Był w środku gapienia się w kilka dokumentów, z papierosem w ustach. Wstał z krzesła i przeciągnął się, wpatrywał się w cyfry na ścianie, potarł czoło, usiadł z powrotem i jęknął jak byk, który ma zaczerpnąć ostatni oddech. Zmierzył się z dokumentami jeszcze raz tylko po to, by zniknęły bezsensowne kształty na stronach.
❝To jest do bani... ❝
Miał czarne włosy na wpół zaczesane do tyłu, mężczyzna był ubrany w biały kitel lekarski ze znoszonymi sandałami i stetoskopem na szyi. Ciemne worki wisiały mu pod oczami. Najwyraźniej był lekarzem - jednym z obskurnej kliniki, która była co najmniej bałaganem.
Porozrzucane stetoskopy, dokumentacja medyczna i regały pełne tekstów akademickich. Na ścianie przed jego biurkiem znajdowała się przeglądarka filmów rentgenowskich. Typowy obraz lekarza w gabinecie szpitalnym. A jednak ten człowiek nie był lekarzem i to nie był szpital.

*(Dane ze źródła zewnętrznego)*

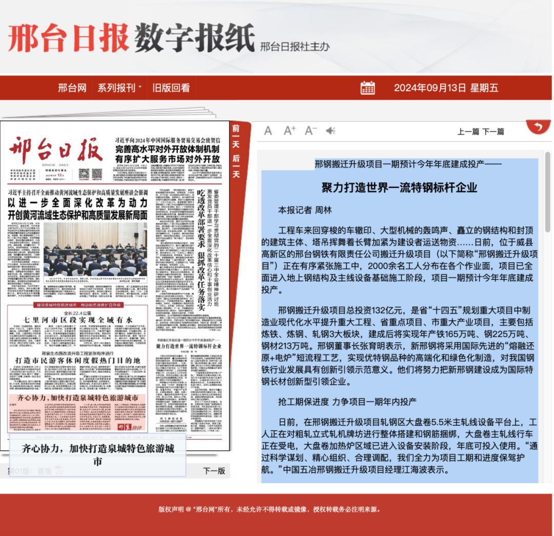 邢鋼搬遷升級(jí)項(xiàng)目總投資132億元,是省“十四五”規(guī)劃重大項(xiàng)目中制造業(yè)現(xiàn)代化水平提升重大工程、省重點(diǎn)項(xiàng)目、市重大產(chǎn)業(yè)項(xiàng)目,主要包括煉鐵、煉鋼、軋鋼3大板塊,建成后將實(shí)現(xiàn)年產(chǎn)鐵165萬(wàn)噸、鋼225萬(wàn)噸、鋼材213萬(wàn)噸。邢鋼董事長(zhǎng)張育明表示,新邢鋼將采用國(guó)際先進(jìn)的“熔融還原+電爐”短流程工藝,實(shí)現(xiàn)優(yōu)特鋼品種的高端化和綠色化制造,對(duì)我國(guó)鋼鐵行業(yè)發(fā)展具有創(chuàng)新引領(lǐng)示范意義。他們將努力把新邢鋼建設(shè)成為國(guó)際特鋼長(zhǎng)材創(chuàng)新型引領(lǐng)企業(yè)。

W rzeczywistości było zupełnie na odwrót.
❝Nasi przemytnicy broni są opóźnieni o dwa tygodnie. W tym tempie moi ludzie będą walczyć nożami kuchennymi. I na tym się nie kończy. W tym miesiącu mieliśmy już trzy brutalne incydenty, w które musiała zaangażować się policja miejska. Tracę kontrolę nad niskopoziomowymi pomrukami.❝ – narzekał mężczyzna, patrząc na dokumenty.
Miał na imię Ougai Mori, przywódca potężnej podziemnej organizacji znanej jako Portowa Mafia. Po objęciu stanowiska zaledwie rok wcześniej był jeszcze stosunkowo nowy w dowodzeniu.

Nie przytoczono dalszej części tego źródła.